Requirement: A verbatim copy of the data is wanted, minus any picture in it.

== Information shown

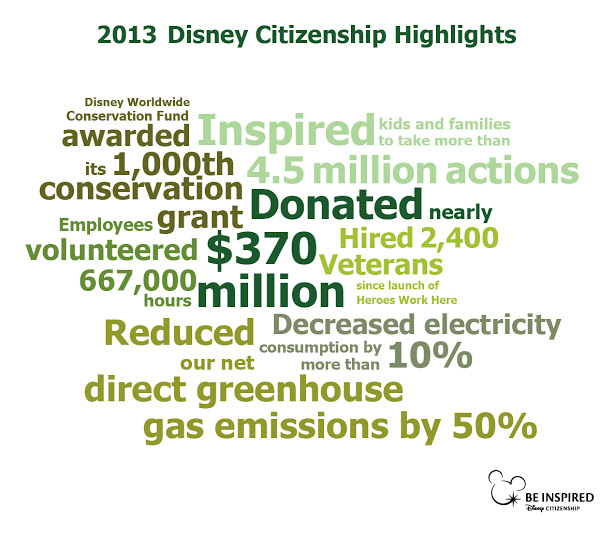 The word cloud above features some of the milestones and achievements from our 2013 Citizenship Performance Summary. It reflects the commitment of everyone at Disney to do the right thing for kids and families.
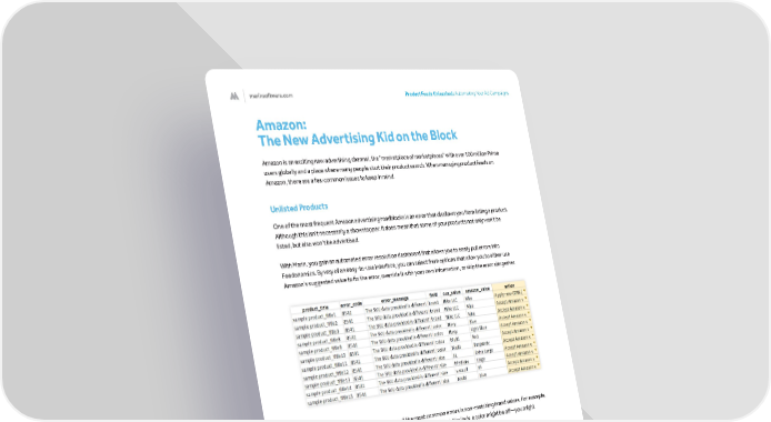 marinsoftware.com Product Feeds Unleashed: Automating Your Ad Campaigns 12 Amazon: The New Advertising Kid on the Block Amazon is an exciting new advertising channel, the “marketplace of marketplaces” with over 100 million Prime users globally and a place where many people start their product search. When managing product feeds on Amazon, there are a few common issues to keep in mind. Unlisted Products One of the most frequent Amazon advertising roadblocks is an error that disallows you from listing a product. Although this isn’t necessarily a showstopper, it does mean that some of your products not only won’t be listed, but also won’t be advertised. With Marin, you gain an automated error resolution dashboard that allows you to easily pull errors into Feedonomics. By way of an easy-to-use interface, you can select from options that allow you to either use Amazon’s suggested value to fix the error, override it with your own information, or skip the error altogether. As depicted in the example above, one of the most common errors is non-matching brand values. For example, Nike might list itself as ‘Nike, LLC’, but Amazon expects ‘Nike’. Similarly, a color might be off—you might specify ‘Navy’ while Amazon’s expected value is ‘blue’. You can set up overrides to immediately update, resolve errors, and get your products listed. This is something that most other feed platforms completely ignore. By building this directly into Marin, you can immediately resolve issues that often result in 10 to 30 percent of your products not being eligible for listing or advertising. The Amazon Parent-Child Hierarchy Another hurdle to overcome with Amazon advertising is parent-child relationships. If you’re already running a product feed on Amazon, you know that it’s a bit different than Google’s structure. While Google doesn’t require you to submit a parent-level row, Amazon does. This can get tricky, because most eCommerce platforms like Shopify or BigCommerce can’t natively pull parent-level rows out.
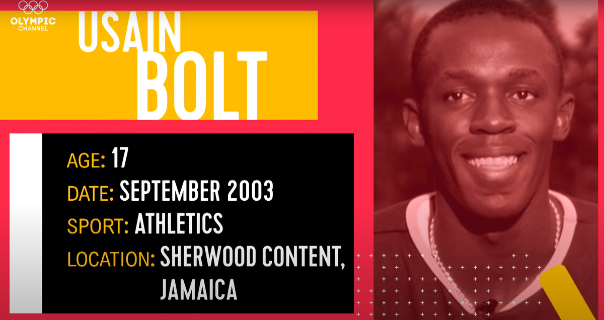 Официальный канал олимпийских игр на ютубе 19 лет назад взял интервью на английском языке у Усейна Болта. Как он видит себя в будещем, каким успехов удалось добиться на данный момент и что самое главное в спорте, профессиональном спорте. На эти и ряд других вопросов постарались ответить и 2 других героя выпуска - Dwight Barnett, учитель физической культуры в школе Вильяма Нибба, где учился Усейн в возрасте 17 лет и Norman Peart, менеджер Усейна, который помогает ему достать все необходимое для тренировок. Каким был Усейн в 17 лет "Он хотел стать Олимпийским чемпионом и это был не легкий путь" - так прокомметировал этот вопрос Dwight Barnett. Как говорил сам спортсмен, горизонт его планирования не был настолько большим, чтобы фокусироваться на олимпийских играх. Он жил от тренировки до тренировки и просто выкладывался на максимум, хоть и сами занятия проходили на пришкольной территории не с самым амбициозным тренером. Но надо отдать должное Усейну, ему удалось достичь очень хорош

====

Response:
 The word cloud above features some of the milestones and achievements from our 2013 Citizenship Performance Summary. It reflects the commitment of everyone at Disney to do the right thing for kids and families.
 marinsoftware.com Product Feeds Unleashed: Automating Your Ad Campaigns 12 Amazon: The New Advertising Kid on the Block Amazon is an exciting new advertising channel, the “marketplace of marketplaces” with over 100 million Prime users globally and a place where many people start their product search. When managing product feeds on Amazon, there are a few common issues to keep in mind. Unlisted Products One of the most frequent Amazon advertising roadblocks is an error that disallows you from listing a product. Although this isn’t necessarily a showstopper, it does mean that some of your products not only won’t be listed, but also won’t be advertised. With Marin, you gain an automated error resolution dashboard that allows you to easily pull errors into Feedonomics. By way of an easy-to-use interface, you can select from options that allow you to either use Amazon’s suggested value to fix the error, override it with your own information, or skip the error altogether. As depicted in the example above, one of the most common errors is non-matching brand values. For example, Nike might list itself as ‘Nike, LLC’, but Amazon expects ‘Nike’. Similarly, a color might be off—you might specify ‘Navy’ while Amazon’s expected value is ‘blue’. You can set up overrides to immediately update, resolve errors, and get your products listed. This is something that most other feed platforms completely ignore. By building this directly into Marin, you can immediately resolve issues that often result in 10 to 30 percent of your products not being eligible for listing or advertising. The Amazon Parent-Child Hierarchy Another hurdle to overcome with Amazon advertising is parent-child relationships. If you’re already running a product feed on Amazon, you know that it’s a bit different than Google’s structure. While Google doesn’t require you to submit a parent-level row, Amazon does. This can get tricky, because most eCommerce platforms like Shopify or BigCommerce can’t natively pull parent-level rows out.
 Официальный канал олимпийских игр на ютубе 19 лет назад взял интервью на английском языке у Усейна Болта. Как он видит себя в будещем, каким успехов удалось добиться на данный момент и что самое главное в спорте, профессиональном спорте. На эти и ряд других вопросов постарались ответить и 2 других героя выпуска - Dwight Barnett, учитель физической культуры в школе Вильяма Нибба, где учился Усейн в возрасте 17 лет и Norman Peart, менеджер Усейна, который помогает ему достать все необходимое для тренировок. Каким был Усейн в 17 лет "Он хотел стать Олимпийским чемпионом и это был не легкий путь" - так прокомметировал этот вопрос Dwight Barnett. Как говорил сам спортсмен, горизонт его планирования не был настолько большим, чтобы фокусироваться на олимпийских играх. Он жил от тренировки до тренировки и просто выкладывался на максимум, хоть и сами занятия проходили на пришкольной территории не с самым амбициозным тренером. Но надо отдать должное Усейну, ему удалось достичь очень хорош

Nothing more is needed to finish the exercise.